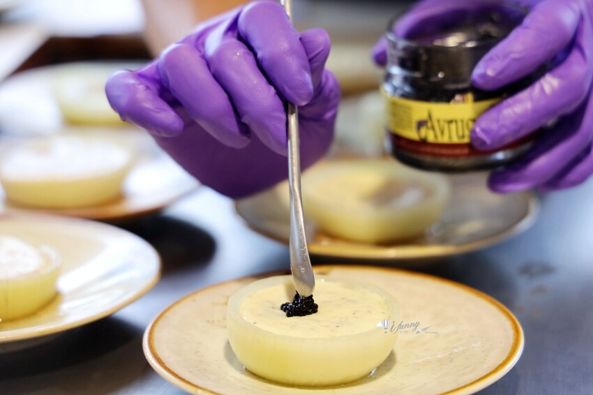 洋蔥是美國進口,相當地脆甜,以柴魚醬汁為底的蛋液,還加入了黑、白松露增添香氣,只能說這蒸蛋的味道很高雅啊!
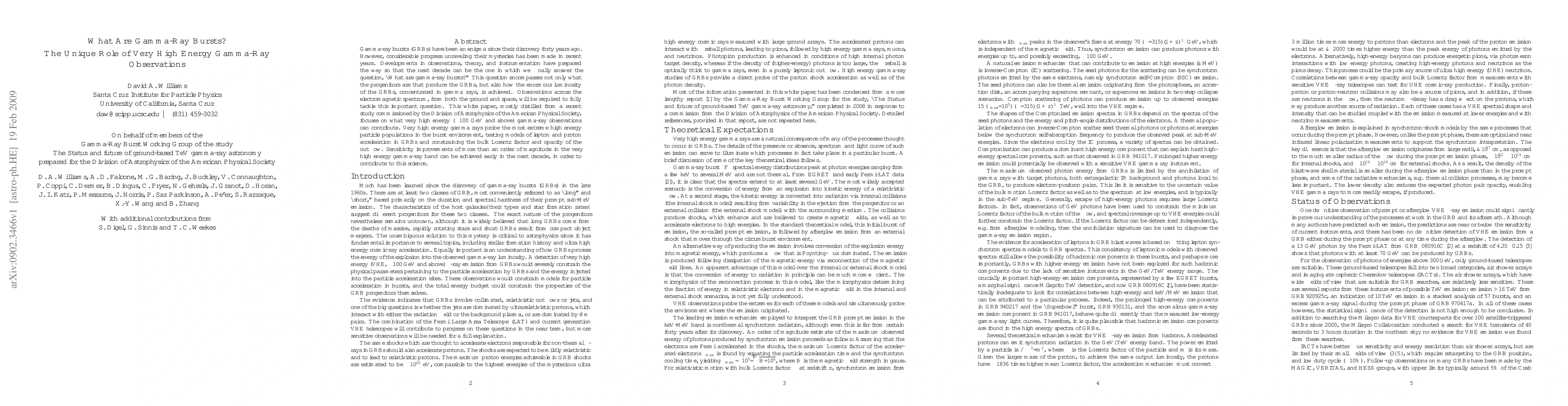 Gamma-ray bursts (GRBs) have been an enigma since their discovery forty years ago. However, considerable progress unraveling their mysteries has been made in recent years. Developments in observations, theory, and instrumentation have prepared the way so that the next decade can be the one in which we finally answer the question, "What are gamma-ray bursts?" This question encompasses not only what the progenitors are that produce the GRBs, but also how the enormous luminosity of the GRBs, concentrated in gamma rays, is achieved. Observations across the electromagnetic spectrum, from both the ground and space, will be required to fully tackle this important question. This white paper, mostly distilled from a recent study commissioned by the Division of Astrophysics of the American Physical Society, focuses on what very high energy (~100 GeV and above) gamma-ray observations can contribute. Very high energy gamma rays probe the most extreme high energy particle populations in the burst environment, testing models of lepton and proton acceleration in GRBs and constraining the bulk Lorentz factor and opacity of the outflow. Sensitivity improvements of more than an order of magnitude in the very high energy gamma-ray band can be achieved early in the next decade, in order to contribute to this science.
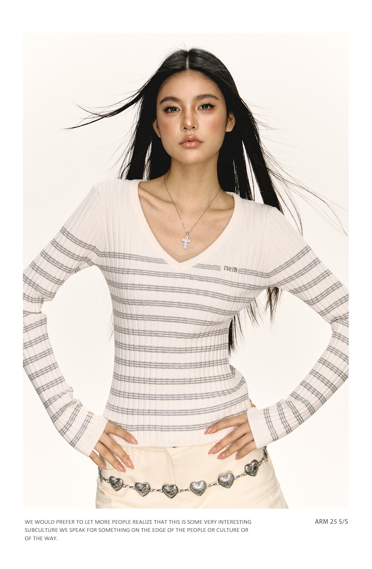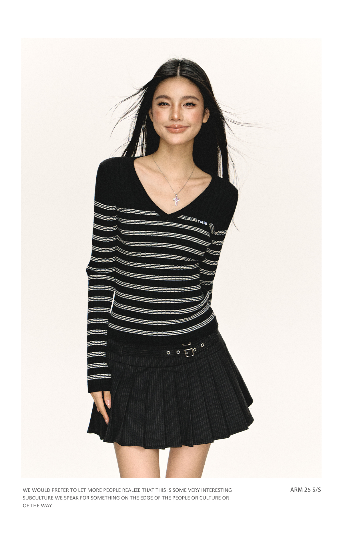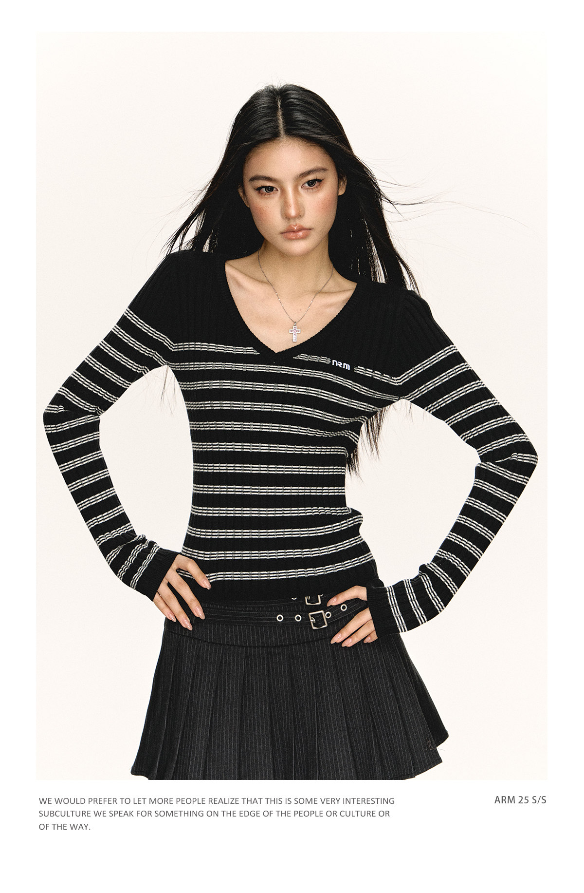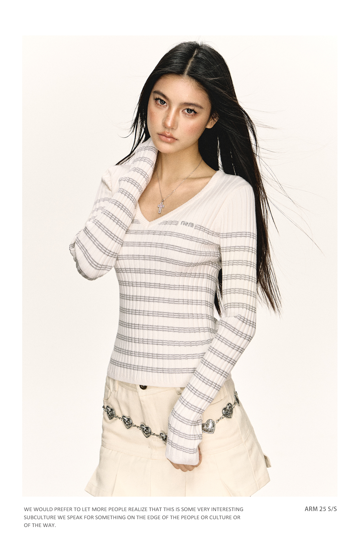 Ariseism 美式复古设计感毛针织衫女秋季新款辣妹修身上衣
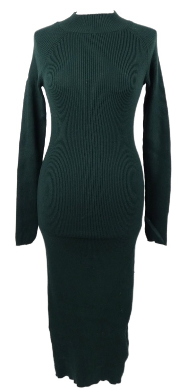 Dámske tmavozelené rebrované pletené midi šaty so stojačikom Reserved
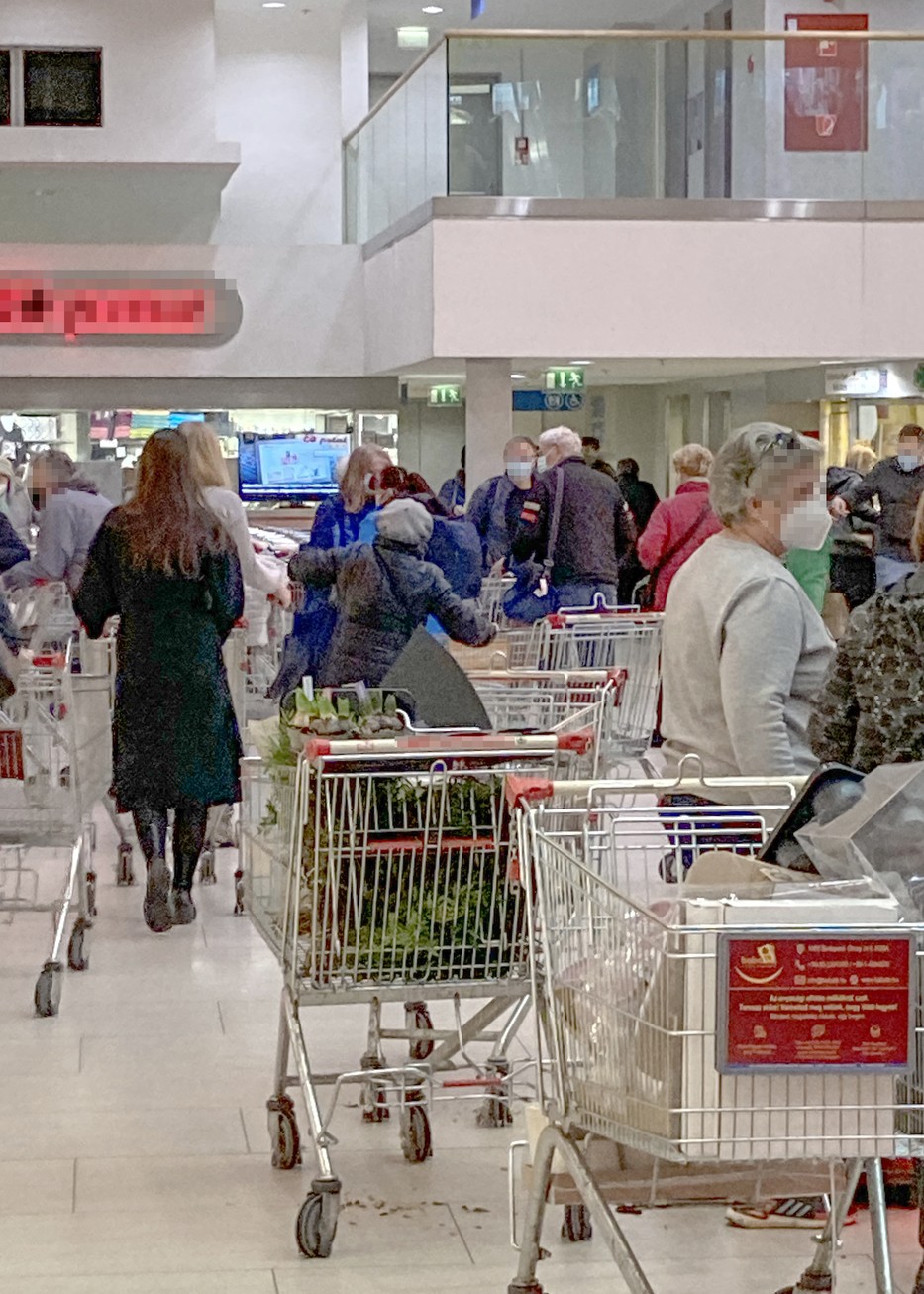 A fotók tanúsága szerint egyébként az emberek visszafogták magukat, nem rohamozták meg az üzleteket, bár több helyütt például minimalizálták a bevásárlókosarak számát, mindezt annak érdekében, hogy biztosak legyenek benne, valóban csak annyi vásárló tartózkodik az üzletben, amennyit a jogszabály lehetővé tesz.

────

An exact copy of the records is required. Pictures do not belong in it.

(Output of the task)
 洋蔥是美國進口,相當地脆甜,以柴魚醬汁為底的蛋液,還加入了黑、白松露增添香氣,只能說這蒸蛋的味道很高雅啊!
 Gamma-ray bursts (GRBs) have been an enigma since their discovery forty years ago. However, considerable progress unraveling their mysteries has been made in recent years. Developments in observations, theory, and instrumentation have prepared the way so that the next decade can be the one in which we finally answer the question, "What are gamma-ray bursts?" This question encompasses not only what the progenitors are that produce the GRBs, but also how the enormous luminosity of the GRBs, concentrated in gamma rays, is achieved. Observations across the electromagnetic spectrum, from both the ground and space, will be required to fully tackle this important question. This white paper, mostly distilled from a recent study commissioned by the Division of Astrophysics of the American Physical Society, focuses on what very high energy (~100 GeV and above) gamma-ray observations can contribute. Very high energy gamma rays probe the most extreme high energy particle populations in the burst environment, testing models of lepton and proton acceleration in GRBs and constraining the bulk Lorentz factor and opacity of the outflow. Sensitivity improvements of more than an order of magnitude in the very high energy gamma-ray band can be achieved early in the next decade, in order to contribute to this science.
 Ariseism 美式复古设计感毛针织衫女秋季新款辣妹修身上衣
 Dámske tmavozelené rebrované pletené midi šaty so stojačikom Reserved
 A fotók tanúsága szerint egyébként az emberek visszafogták magukat, nem rohamozták meg az üzleteket, bár több helyütt például minimalizálták a bevásárlókosarak számát, mindezt annak érdekében, hogy biztosak legyenek benne, valóban csak annyi vásárló tartózkodik az üzletben, amennyit a jogszabály lehetővé tesz.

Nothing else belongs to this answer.